## Work required
For the entries below, return every line from the top through the line with "Butterflied sea bass" exactly as it stands, omitting pictures.

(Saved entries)
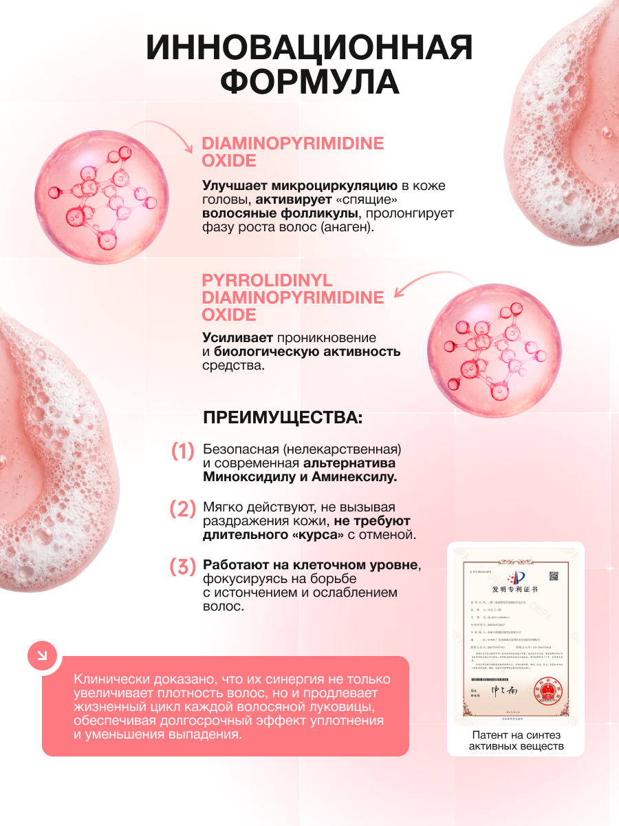 • Комплекс на основе признанных мировых активов от выпадения волос: Diaminopyrimidine Oxide и Pyrrolidinyl Diaminopyrimidine Oxide, полученных по запатентованной технологии синтеза и очистки, помогает укреплять волосы у корней и повышать их жизненный тонус, за счет улучшения системы питания фолликулов.
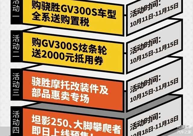 起步价14780元,骁胜GV300s开始促销,坦影和攀爬者上线预售
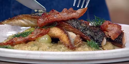 Butterflied sea bass with shoestring fries and salad
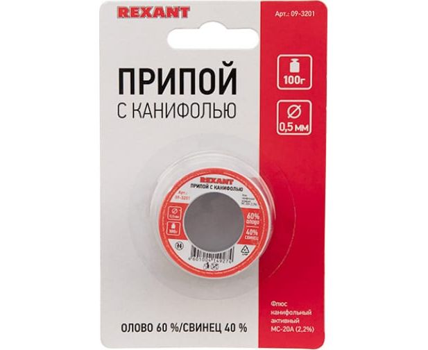 Припой с канифолью REXANT 09-3201 100г, 0.5мм, (олово 60проц., свинец 40проц.), катушка, блистер
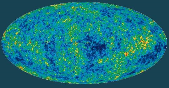 Первая «карта» Вселенной, или микроволновое реликтовое излучение, около 14 миллиардов лет назад. Карта отображает колебания температуры в разных точках Вселенной через 380 000 лет после ее рождения, которые соответствуют местам зарождения будущих галактик. С момента экспериментального подтверждения существования реликтового излучения в 1964 году оно изучается с помощью приборов, установленных на спутниках или в люльках под аэростатами. Приведенная здесь первая детальная карта построена по данным со спутника Wilkinson Microwave Anisotropy Probe
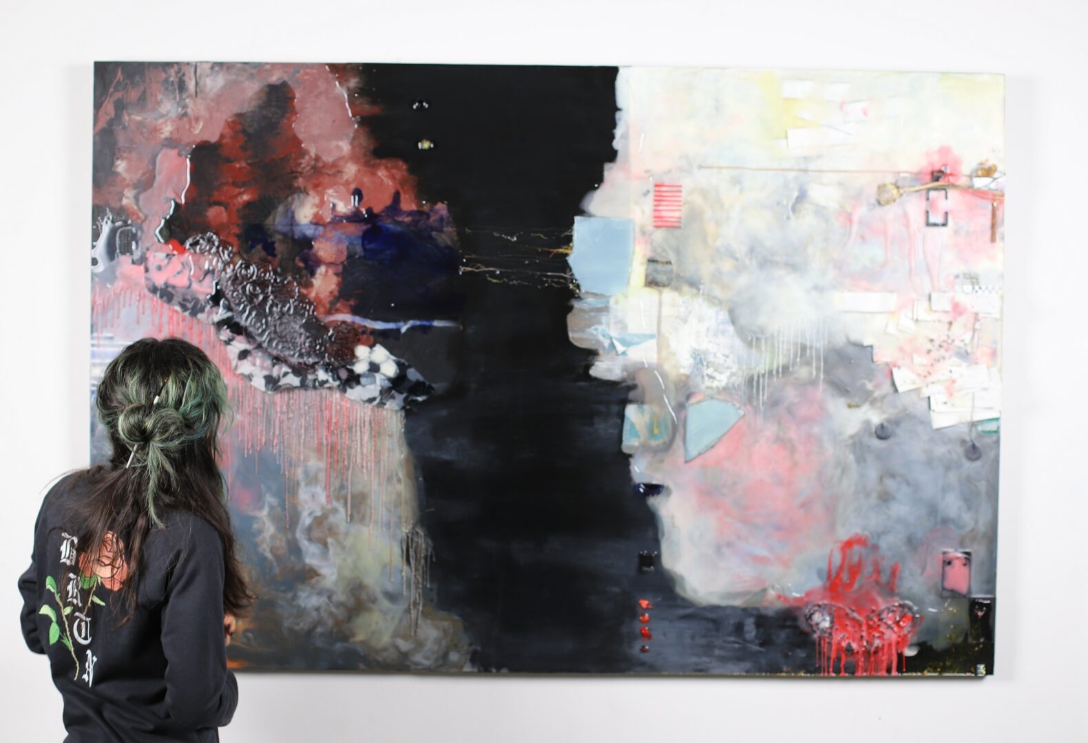 Currently a collection of my mixed media paintings is on view at the Hive Gallery & Studios in Downtown Los Angeles. Something I’m very excited about right now is that I’m about to go to my first artist residency at an art ranch in the desert.
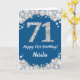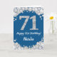 Happy 71st Birthday Blue and Silver Glitter Card with personalised name. For further customisation, please click the "Customise it" button and use our design tool to modify this template.
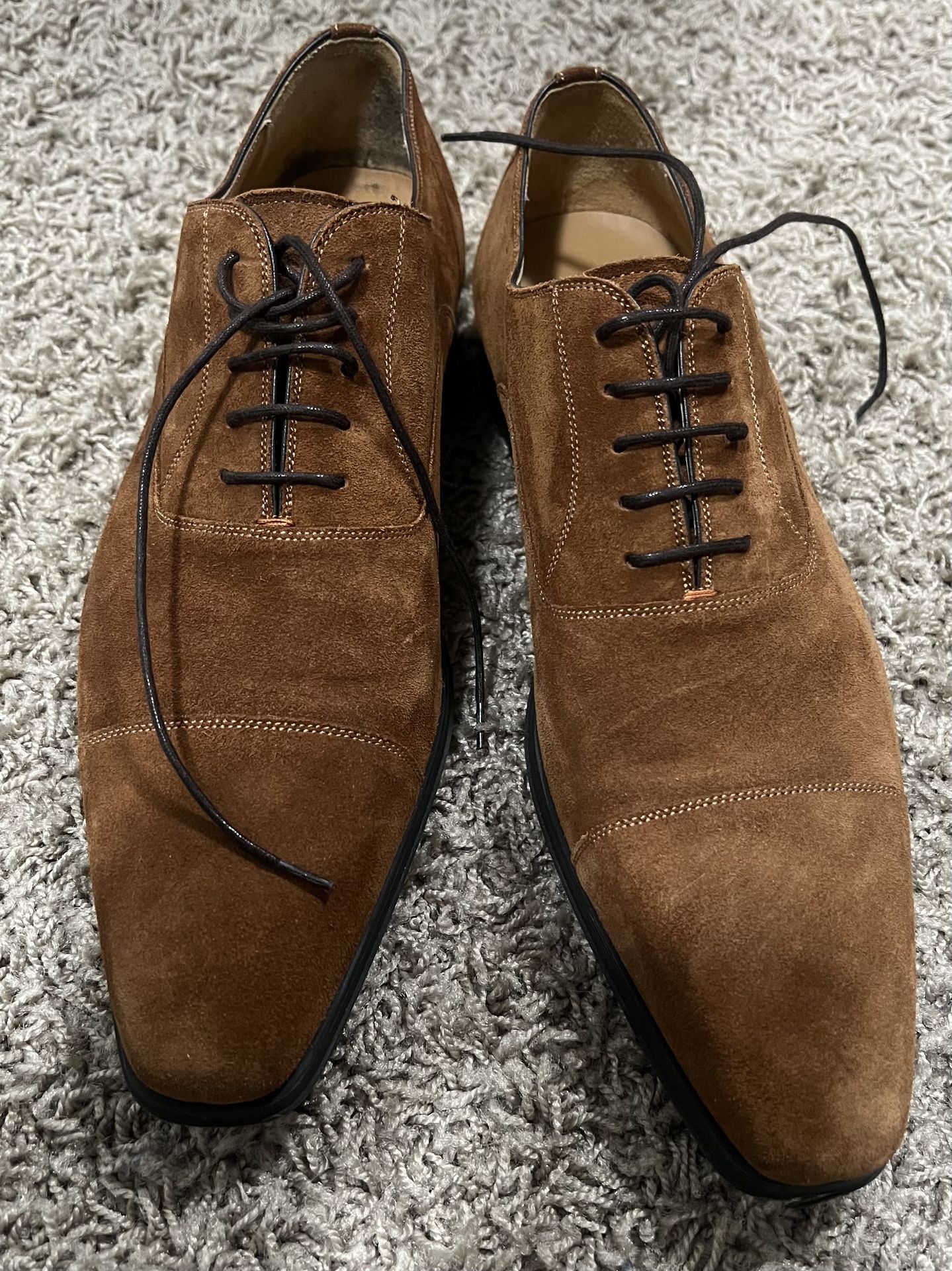 Magnanni Brown Suede Oxford Cap Toe Square Toe Men's Dress Shoes. Size 9 1/2

## Exercise response
 • Комплекс на основе признанных мировых активов от выпадения волос: Diaminopyrimidine Oxide и Pyrrolidinyl Diaminopyrimidine Oxide, полученных по запатентованной технологии синтеза и очистки, помогает укреплять волосы у корней и повышать их жизненный тонус, за счет улучшения системы питания фолликулов.
 起步价14780元,骁胜GV300s开始促销,坦影和攀爬者上线预售
 Butterflied sea bass with shoestring fries and salad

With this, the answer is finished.